Let me know what y'all think? Been a pile of hard work but Im happy with where its headed!!

Bed lined all the edges so it wouldn't scratch when taking on and off the platform. Hydro-turfed all the flooring. Made swinging hatch on the deck so you can access the trolling motor and still have extra deck space. Six 500w halos.


----------



## UpSouth811 (Apr 8, 2014)

Cut the rails off lol


----------



## swackinswampdonkeys (Apr 8, 2014)

UpSouth811 said:


> Cut the rails off lol


The rails are only two foot tall they don't go any higher than my knee caps. They do look taller in the pictures, I agree.


----------



## UpSouth811 (Apr 8, 2014)

They looked chest high in the pic


----------



## swackinswampdonkeys (Apr 8, 2014)

UpSouth811 said:


> They looked chest high in the pic


Yea thats what my buddy said when I sent him those pictures. From the boat rail to the bottom of the platform it is a foot in the back. Then two foot from the bottom of the platform to the top of the rails. I made it like that so you could lean on the rails for extra support. I never have liked falling out the boat. hah


----------



## UpSouth811 (Apr 8, 2014)

I don't do rail. I've have a graveyard of messed up bows. I hit it about every shot


----------



## thompsonsz71 (Apr 8, 2014)

Yep no rails for me


----------



## InBuckHunter (Apr 8, 2014)

Take the outside rails off & put a tree stand safety harness mounting point in the middle. You won't fall off the boat with your safety harness on. Or you could put seats up there, no rails on a bass boats & most people don't fall off them.


----------



## swackinswampdonkeys (Apr 8, 2014)

InBuckHunter said:


> Take the outside rails off & put a tree stand safety harness mounting point in the middle. You won't fall off the boat with your safety harness on. Or you could put seats up there, no rails on a bass boats & most people don't fall off them.

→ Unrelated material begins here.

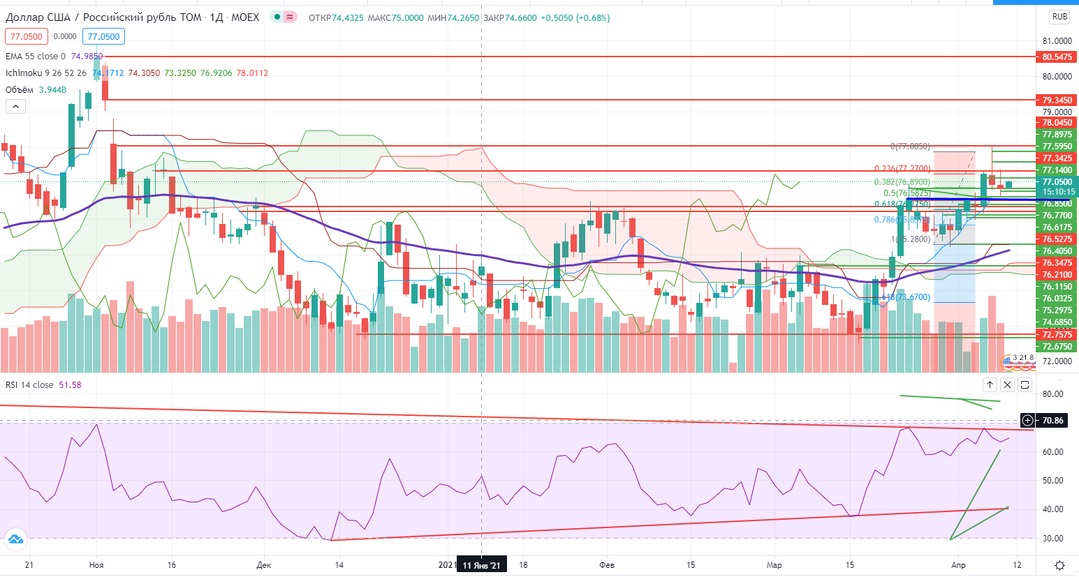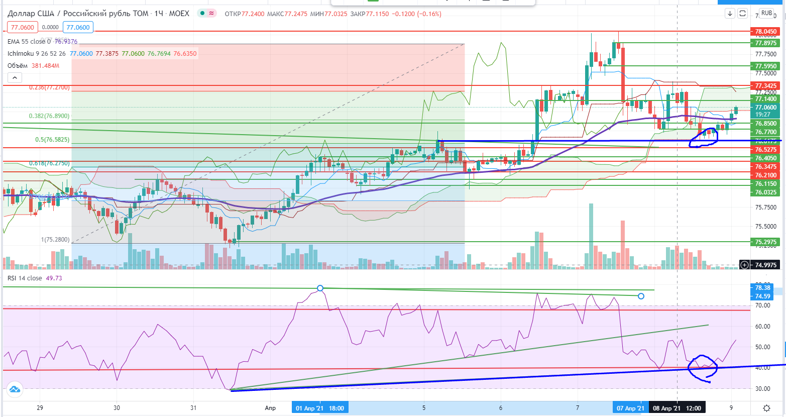 Также интрига для меня была вчера в паре USDRUB. Приходили к уровням на днях 76,57 и на часах на уровне 76,63 (RSI на тренде), я лично добавил лонга не фьючерсе, стоп кратчайший -76,5- на споте.

Well I got the idea for the platform off the new tracker sportsman series. Made the platform removable for duck season and got a front seat for bass fishing so I wont need the platform for that. I appreciate yall's advice but Im going to try the rails. To much work just to cut um off from the start.


----------



## spider (Apr 18, 2014)

I shoot with rails and once you get used to them you won't go without.


----------



## Millyville Hunter (Apr 20, 2014)

be careful on the platform. We have a very similar setup and style of boat you have here. Our platform is 11 inches off the top rail of the boat and we have already flipped the boat once and have found it to be a little on the unstable side. The boat now has custom built, welded on pontoons to make it stable. Now you can put 4 guys on one side with no problems. 
Setup looks good though, just be careful.


----------



## swackinswampdonkeys (Apr 21, 2014)

Millyville Hunter said:


> be careful on the platform. We have a very similar setup and style of boat you have here. Our platform is 11 inches off the top rail of the boat and we have already flipped the boat once and have found it to be a little on the unstable side. The boat now has custom built, welded on pontoons to make it stable. Now you can put 4 guys on one side with no problems.
> Setup looks good though, just be careful.

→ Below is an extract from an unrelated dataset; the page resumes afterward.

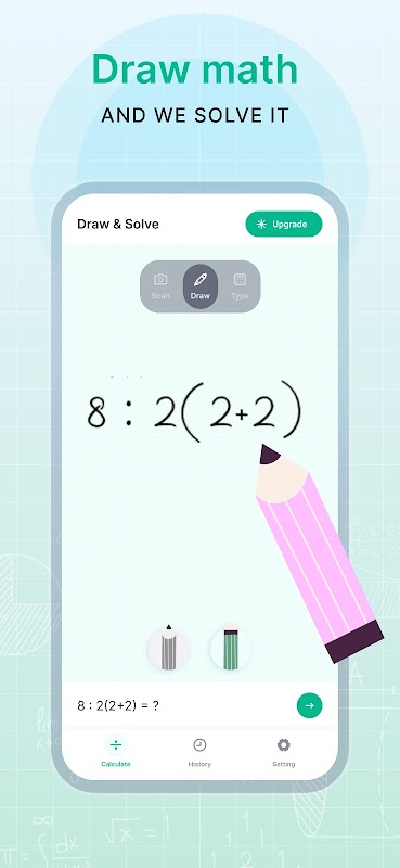 - Reconnaissance de l'écriture manuscrite : écrivez ou dessinez des problèmes et laissez Math Solver les convertir au format numérique pour analyse.

Yea that was what I have been worried about, still haven't had a chance to put it on the water with the new platform. I figure the most we will be able to put up front is two guys. I have thought about the pontoons helping make the boat more stable but figured id go ahead and try what I have so far. I appreciate the good words of advice and the complement. Didn't think I was ever going to get one with everyone downing the rails. Thank You ha


----------



## S Adams (Apr 22, 2014)

Looks real good! I know you have some money in it with all that hydro turf! It's time to shoot some fish


----------



## KMckie786 (Apr 23, 2014)

Looks good! I think you will want to cut the railing slightly after you try it out though. IMO the ideal spot for a rail is about 3-4" below the knee. You will know when you shoot and the bottom limb of your bow smacks the railing and blows the strings of the cams. 

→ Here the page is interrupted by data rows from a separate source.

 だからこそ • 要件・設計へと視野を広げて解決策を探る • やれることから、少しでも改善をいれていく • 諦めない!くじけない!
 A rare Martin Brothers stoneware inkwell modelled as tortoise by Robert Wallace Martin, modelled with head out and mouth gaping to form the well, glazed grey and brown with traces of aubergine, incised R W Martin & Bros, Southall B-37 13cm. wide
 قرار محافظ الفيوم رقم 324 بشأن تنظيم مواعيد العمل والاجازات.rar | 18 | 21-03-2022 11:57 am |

Either way, still a clean looking job youve done!


----------



## swackinswampdonkeys (Apr 23, 2014)

S Adams said:


> Looks real good! I know you have some money in it with all that hydro turf! It's time to shoot some fish


Thank you I need to get out on the water its hard to make myself go with turkey season still up and running. Soon very soon. I got more money in that stuff then I should have but it has turned out better than expected so what can you say. huh


----------